Photo: photosforyou via Pixabay

Keeping cats in at night will keep more young birds safe, particularly now the breeding season is in full swing, a city ecologist has said.

The curfew could start at 8pm, Delft city ecologist Diny Tubbing told the AD. ‘Around that time the cats have eaten and then it is best they stay inside. I don’t want to force anything on people but in Australia, for example, it is normal for cats to be kept inside at night. I hope this will start a public discussion and people will think about what they’re doing.’

By leaving their cats to roam at night, owners are harming the bird population, which, in cities in particular, are having difficulty enough to breed, according to bird protection organisation Vogelbescherming.

The Netherlands is home to between two and three million cats and some 10,000 feral cats and strays.

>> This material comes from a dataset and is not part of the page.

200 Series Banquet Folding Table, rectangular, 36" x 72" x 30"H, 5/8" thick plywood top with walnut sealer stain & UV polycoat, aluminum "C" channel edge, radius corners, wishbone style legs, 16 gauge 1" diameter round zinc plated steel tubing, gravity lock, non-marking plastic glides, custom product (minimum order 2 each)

Between them they kill some 18 million birds a year, posing a threat to some 370 species.

‘It wouldn’t be a curfew in the sense of checks and fines but it is important that people realise that cats go after birds and many other small animals, such as rabbits, mice and bats. Birds are particularly vulnerable. They can hear the cat during the day and sound the alarm. But at night they are asleep and the cat can take them unawares,’ Tubbing said.

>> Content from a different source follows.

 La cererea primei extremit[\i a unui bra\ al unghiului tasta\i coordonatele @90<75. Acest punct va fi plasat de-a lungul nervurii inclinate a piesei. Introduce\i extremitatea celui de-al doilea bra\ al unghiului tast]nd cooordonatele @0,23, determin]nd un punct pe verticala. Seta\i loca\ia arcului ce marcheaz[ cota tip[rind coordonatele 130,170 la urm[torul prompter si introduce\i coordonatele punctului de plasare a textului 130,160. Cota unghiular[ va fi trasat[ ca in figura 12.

Keeping the cats inside shouldn’t be a problem, Tubbing said. ‘They will cry a little at first and keep their owners awake at night but if you think the birds are worth it you’ll find a solution. Cats are hunters and that won’t change. But by giving them structure they’ll soon get used to staying indoors at night, preferably all year long.’

Garden owners can help by planting bushes for birds to flee in and where they can’t be easily pursued by cats, Tubbing said. Nesting boxes should be made cat proof by making sure cats don’t find a way of getting on top of them.

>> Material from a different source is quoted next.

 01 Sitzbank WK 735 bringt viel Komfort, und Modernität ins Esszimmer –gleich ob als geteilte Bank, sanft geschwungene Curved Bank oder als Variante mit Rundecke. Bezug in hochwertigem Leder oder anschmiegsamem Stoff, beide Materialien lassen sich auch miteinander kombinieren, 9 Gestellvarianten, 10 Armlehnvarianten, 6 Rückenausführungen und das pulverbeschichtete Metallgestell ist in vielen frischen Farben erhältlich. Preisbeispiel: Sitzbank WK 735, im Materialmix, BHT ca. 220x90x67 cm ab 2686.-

Tubbing’s is not the only attempt to curb killer cats. A paper by Tilburg university environmental law professors Arie Trouwborst and Han Somsen in the Journal of Environmental Law argued that under the European Bird and Habitat Directives countries have a legal obligation to protect wildlife, so allowing cats to roam and kill is illegal.

So far, however, neither the Dutch government nor the European Commission has  taken action on the subject.